I saw those in all different types of configurations. 1x 2x 3x 4x. Still not a "square" type like the top image and quote: "Delivery:	
Estimated between Wed. Nov. 2 and Wed. Nov. 16" Really??? Not waiting that long when I can buy it (w/o the pcm) on this side of the pond and get it in less than a week.


----------



## mntn-biker (Sep 12, 2010)

I might start making these since I can't find a sexy looking holder that fits a MagicShine battery bag so it would be a 4x18650 holder in a "square" type pattern like turboferret used to make. I'm getting some quotes on my pattern and checking pricing on mold materials and resin for the parts. Not even sure how much interest would be out there for these anymore so I may just be making some of these for myself and my close friends that convert to LED lighting.


----------



## Guest (Oct 17, 2011)

Well if you do make them I'll take one or two.


----------



## Ofroad'bent (Jul 10, 2010)

I bet FMA Battery can build you one of these in 1S4P configuration:
eBay - New & used electronics, cars, apparel, collectibles, sporting goods & more at low prices

They've done others for me, 1S2P holders and protected battery packs. The included connector can be adapted to Magicshine or Trailtech males with 2 layers of heat-shrink tubing and makes a nice water-resistant connection.


----------



## mntn-biker (Sep 12, 2010)

Ofroad'bent said:


> I bet FMA Battery can build you one of these in 1S4P configuration:
> eBay - New & used electronics, cars, apparel, collectibles, sporting goods & more at low prices
> 
> They've done others for me, 1S2P holders and protected battery packs. The included connector can be adapted to Magicshine or Trailtech males with 2 layers of heat-shrink tubing and makes a nice water-resistant connection.

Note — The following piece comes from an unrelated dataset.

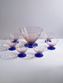 Art Deco Bowl Set Dessert Bowl Italy Empoli 1930s 1940s Cobalt Blue Rosalin Ice Cream Cup Glass Vintage 1980s

Again, "Delivery: Estimated between Wed. Nov. 2 and Wed. Nov. 16".

I'd much rather buy something on this side of the pond and _patronize_ a stateside company (within reason when talking $) if possible (I realize that everything comes from across the pond but at least some of the $ stay here when I buy "local"). Granted, DX has the best deal on 18650's that I have found so in that case, I will go that route but the delivery still seems like an eternity.


----------



## mntn-biker (Sep 12, 2010)

nattyboh74 said:


> Well if you do make them I'll take one or two.


Thanks! I will keep you in the loop....

Not sure what Luminous was selling his 4x compact for but I know TF was selling his for about $16 and I've seen these holders below (see link) all over the web for sale for about $16 as well (just not the compact type setup):

Battery holder: Li-Ion 18650 Battery Holder (1S4P) With 2.6" long 20AWG & PCB

So I'm hoping to be comparable in price. Maybe I will sell cheaper with just the holder and the battery clips and the DIY's can wire up their own configuration and decide how and if they want to waterproof their setup. I'm still undecided on what I plan to do with my waterproofing. Who knows, maybe I mold up some small round waterproof "bottles" that the holder fits into and then a waterproof "gland" thru a removable cap for easy access to the cells. A bottle and cap would be pretty easy to resin mold I would think...


----------



## phburns (Sep 30, 2008)

I've been working on my own setup for about a year, this is what I've come up with. A modular one cell holder that has channels for running wires and flat surfaces for glueing them together to make whatever size pack I need. I could be talked into making a few extra for the right price, not sure what that would be though. (not trying to hi-jack your thread) I've been wiring my packs so that all the positives line up towards the exit of the wire out, so I can load my packs in the dark if needed, that's why so many wire channels are needed.


----------



## Vancbiker (May 25, 2005)

mntn-biker said:


> I might start making these since I can't find a sexy looking holder that fits a MagicShine battery bag so it would be a 4x18650 holder in a "square" type pattern like turboferret used to make. I'm getting some quotes on my pattern and checking pricing on mold materials and resin for the parts. Not even sure how much interest would be out there for these anymore so I may just be making some of these for myself and my close friends that convert to LED lighting.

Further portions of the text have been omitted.